Uv lights are probably useful but i think any bright light will usually attract at least some insects at night, stuff like moths and that.


----------



## Jay (Apr 24, 2006)

I live near a lake and recently a lot of mosquito-like bugs have been appearing on a shed on the lake property (a public park). I have been collecting a whole bunch of these things off of the shed and feeding them to my mantids. As soon as I put the clear container over them they fly toward the light. I can catch a whole bunch of them this way.

-Jay


----------



## yen_saw (Apr 25, 2006)

The best light in attracting insects are mercury vapor white light.

http://www.bioquip.com/html/view_catalog.asp?page=52

Flourescent light is a cheaper light source and do well in attracting flying insects. Personally i prefer hunting for bugs on gas station that use bright flourescent light rather than the Halogen type street light.
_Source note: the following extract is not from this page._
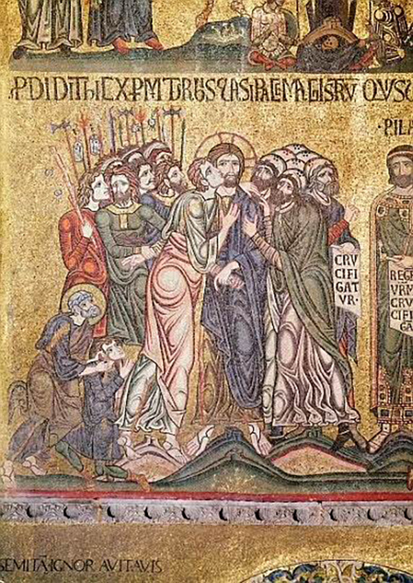 东方教会的这些背景知识比较专业和具体,电视剧中虽然张冠李戴也不足为怪。但道具组对景教寺内部画像的选择就有些欠考虑了。在第二十集中,张小敬和檀棋造访景教寺,伊斯前来迎接他们。三人所站之处设立着一幅巨大的画像《犹大之吻》,上面有非常漂亮的金色镶嵌画。然而,这一金色镶嵌画圣像的原籍并不是波斯,而是意大利威尼斯的圣马可大教堂(St Mark's Basilica)。它是第一穹顶和中央穹顶之间拱壁上五幅画中的第一幅。圣马可大教堂采用了拜占庭风格的建筑和绘画风格,但使用的文字仍然是拉丁语。比如画中一人手持板子上写的crucifigatur(钉他十字架)。圣马可大教堂内部绘画是十二至十三世纪完成的,远远晚于唐代景教。而且景教的礼仪语言是叙利亚语,不会出现拉丁语旁白。这个是明显的穿帮。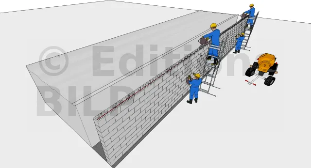 C’est une étape fastidieuse car la quantité de béton peut être très importante, et il faut porter les seaux en hauteur pour les déverser dans les blocs. Le recours à une pompe à béton soulage d’un grand effort.

For day hunt such as butterfly or praying mantis, look for tall grass with variety of flowers. For dragon fly and dampserfly, try to look for area around creek or small stream.


----------



## robo mantis (Apr 28, 2006)

i forund a few weird looking bug but let them go (i didn't know what most of them were) :lol:


----------



## Obie (Apr 29, 2006)

Any bright light will work to catch insects. There are many types of traps too. You could check on bioquip.com and get some indeas on how to make a trap. Many insects prefer UV light, and in my experience, if you're serious about attracting insects to lights -- you need a mercury vapor or metal halide bulb. I have a special 250 watt metal halide bulb (Hortilux Blue) and balast that I take on moth collecting expeditions. I run it off a small Honda generator. It attracts a little too much actually :shock: .


----------



## robo mantis (Apr 29, 2006)

thanks i'll check it out


----------



## DeadInTheBasement (May 10, 2006)

i need a pair of snake proof chaps so i wont be afraid of getting snake bit while looking for mantids in feilds with tall grass. i love snakes but getting bit isnt my thing


----------



## robo mantis (May 10, 2006)

well around my area snake arn't agressive they would hide before you see them. For other places wear thick rubber boots.


----------



## DeadInTheBasement (May 10, 2006)

i find snakes all the time i love seeing them but when im in situation were they can see me and i cant see them i get freaked out :shock:


----------



## robo mantis (May 10, 2006)

hmmm well if they aren't venomous you should be fine maybe were waiting pants and you will not get hurt (try to use rubber ones).


----------